A faster but less accurate fsin for Intel asm?

Question

Since the function fsin for computing the sin(x) function under the x86 dates back to the Pentium era, and apparently it doesn't even use SSE registers, I was wondering if there is a newer and better set of instructions for computing trigonometric functions.

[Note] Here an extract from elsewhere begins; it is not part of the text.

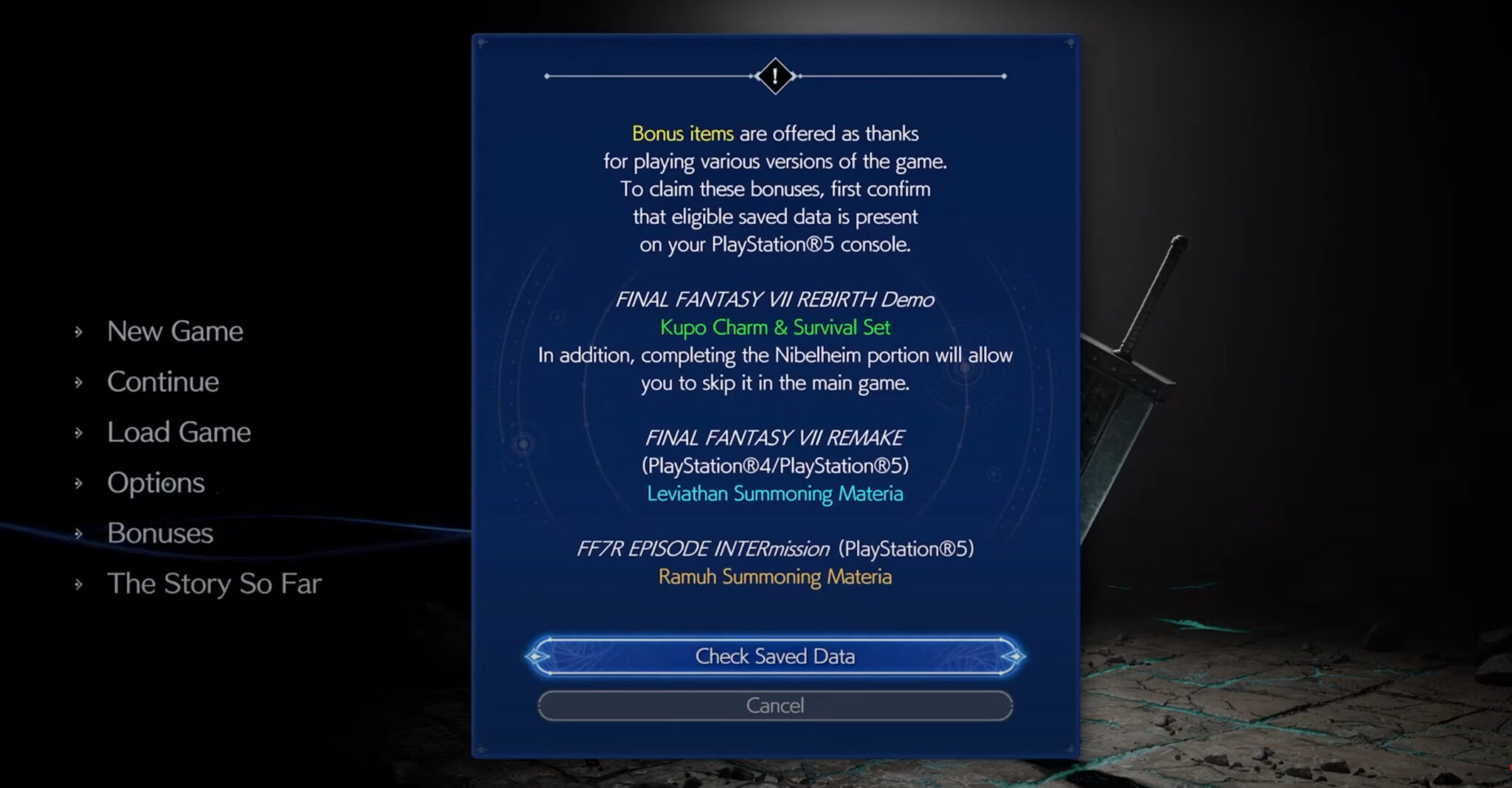 Step One: Have the game check for your FF7 Rebirth demo save file

I'm used to code in C++ and do some asm optimizations, so anything that fits in a pipeline starting from C++, to C to asm will do for me.

Thanks.

I'm under Linux 64 bit for now, with gcc and clang ( even tough clang doesn't really offer any FPU related optimization AFAIK ).

EDIT

I have already implemented a sin function, it's usually 2 times faster then std::sin even with sse on.
My function is never slower then fsin, even tough fsin is usually more accurate, but considering that fsin never outperforms my sin implementation, I'll keep my sin for now, also my sin is totally portable where fsin is for x86 only.
I need this for real time computation, so I'll trade precision for speed, I think that I'll be fine with 4-5 decimals of precision .
no to a table based approach, I'm not using it, it screws up the cache, makes everything slower, no algorithm based on memory access or lookup tables please.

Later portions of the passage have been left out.